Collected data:
────────────────

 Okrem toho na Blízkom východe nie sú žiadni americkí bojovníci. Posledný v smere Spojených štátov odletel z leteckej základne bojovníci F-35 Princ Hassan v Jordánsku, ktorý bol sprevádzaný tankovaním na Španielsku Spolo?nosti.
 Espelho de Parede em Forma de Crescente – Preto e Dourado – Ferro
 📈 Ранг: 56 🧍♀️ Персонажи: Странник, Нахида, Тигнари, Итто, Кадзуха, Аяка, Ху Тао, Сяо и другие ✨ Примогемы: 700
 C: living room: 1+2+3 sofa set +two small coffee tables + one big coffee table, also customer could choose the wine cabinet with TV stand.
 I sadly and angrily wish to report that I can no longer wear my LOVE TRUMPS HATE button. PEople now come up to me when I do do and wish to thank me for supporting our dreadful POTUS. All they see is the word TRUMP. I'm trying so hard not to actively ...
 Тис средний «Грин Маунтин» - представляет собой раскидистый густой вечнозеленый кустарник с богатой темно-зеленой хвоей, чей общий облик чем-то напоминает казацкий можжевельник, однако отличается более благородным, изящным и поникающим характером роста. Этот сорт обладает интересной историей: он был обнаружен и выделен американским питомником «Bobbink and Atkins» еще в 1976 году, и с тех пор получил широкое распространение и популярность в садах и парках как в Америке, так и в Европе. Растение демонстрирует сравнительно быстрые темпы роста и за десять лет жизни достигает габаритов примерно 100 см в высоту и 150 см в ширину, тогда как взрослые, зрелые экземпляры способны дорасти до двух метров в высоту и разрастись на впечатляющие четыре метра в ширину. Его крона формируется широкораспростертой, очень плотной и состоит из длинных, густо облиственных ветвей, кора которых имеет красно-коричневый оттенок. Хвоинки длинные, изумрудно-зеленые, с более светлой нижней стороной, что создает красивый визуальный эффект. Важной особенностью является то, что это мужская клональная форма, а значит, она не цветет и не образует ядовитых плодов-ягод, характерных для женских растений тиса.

────────────────

Assignment: The lines from the top of the data above down to the line containing "I sadly and" are to be copied exactly; no other line should appear.

Task solution:
 Okrem toho na Blízkom východe nie sú žiadni americkí bojovníci. Posledný v smere Spojených štátov odletel z leteckej základne bojovníci F-35 Princ Hassan v Jordánsku, ktorý bol sprevádzaný tankovaním na Španielsku Spolo?nosti.
 Espelho de Parede em Forma de Crescente – Preto e Dourado – Ferro
 📈 Ранг: 56 🧍♀️ Персонажи: Странник, Нахида, Тигнари, Итто, Кадзуха, Аяка, Ху Тао, Сяо и другие ✨ Примогемы: 700
 C: living room: 1+2+3 sofa set +two small coffee tables + one big coffee table, also customer could choose the wine cabinet with TV stand.
 I sadly and angrily wish to report that I can no longer wear my LOVE TRUMPS HATE button. PEople now come up to me when I do do and wish to thank me for supporting our dreadful POTUS. All they see is the word TRUMP. I'm trying so hard not to actively ...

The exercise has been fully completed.